# Cat 420D?



## HandLogger (Oct 22, 2007)

Howdy Folks,

I've got a question about backhoes. I'm new to the forum, so please feel free to tell me if I'm in the wrong place ... 

I've got an opportunity to purchase a CAT 420D with relatively low hours: *422*. The machine is an '02 model, but I don't know much more than that at this time. As I have a narrow window of opportunity here, I need to know what to look for when I inspect the unit.

I fully understand that smoke, knocking, hydraulic leaks, tire condition and the overall appearance of the machine are things to look for. But what about more technical factors like the pins and bushings? As I haven't operated a machine like his since childhood -- my Dad was a dairy farmer -- I feel like real rookie now. 

Can anyone explain how to test some of the more technical factors of a machine like this? And by the way, I understand that operating a backhoe and working on one are two entirely different things, so feel free to school me as much as you care to ... I'm all eyes. 
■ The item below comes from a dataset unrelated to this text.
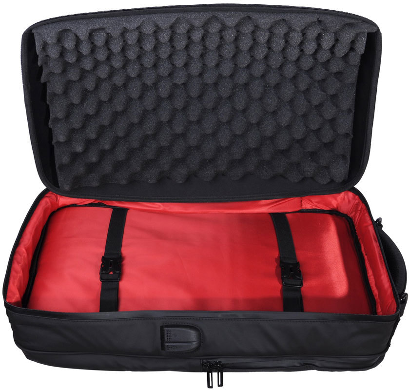 - Основной отсек для хранения и переноски музыкального оборудования имеет пластиковую крышку, которая оберегает оборудование от сильных ударов, дополнительную защиту оборудованию придает рифленый поролон, крепится оборудование к рюкзаку лямками на фастексах защелках. Основной отсек закрывается на водоотталкивающую молнию SBS и имеет секретный замок TSA от воров.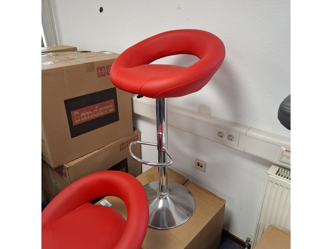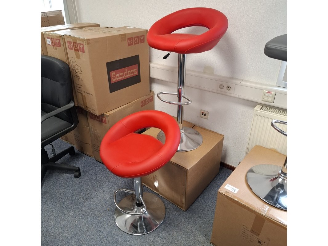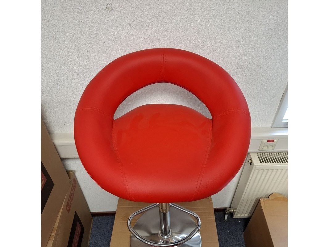 Product: Barkruk Kleur: Rood Specificaties: In hoogte verstelbaar. 2x showroommodel en 2x in doos.

Thanks very much for your words -- they are truly appreciated


----------



## powerjoke (Nov 13, 2004)

420d is it an it (integrated tool carrier) it'll have 2 bucket roll cylenders instead of one in the center, either way no prob just makes it worth a little more, is it extenda hoe, does it have pattern changer does it have 3rd function to front, 4X4, C/H/A,and whole bunch other crap,.....all this only makes a value differ.

Now to the Q'

just make sure all pins are tight by appliyng minor ground press. and looking for slop, make sure the torqu converter is ok by stalling the machine in low gear and with all 4tires on the ground shove into the pile and make sure the diff lock is applied and the tires should break traction about mid throttle, drive it down the road at full speed if poss. just to make sure front kingpins are o.k.. there is other things too but with 400hrs you don't have much to worry about,

i priced a 03 420d it 4X4 C/H/A ext.hoe pilot control with 1100hrs 2 rear buckets for $38,000

go to www.machinerytrader.com and do a detailed AUCTION results search, you can even enter the mach serial and if it was sold at auction it'll tell you who it sold to and how much$


----------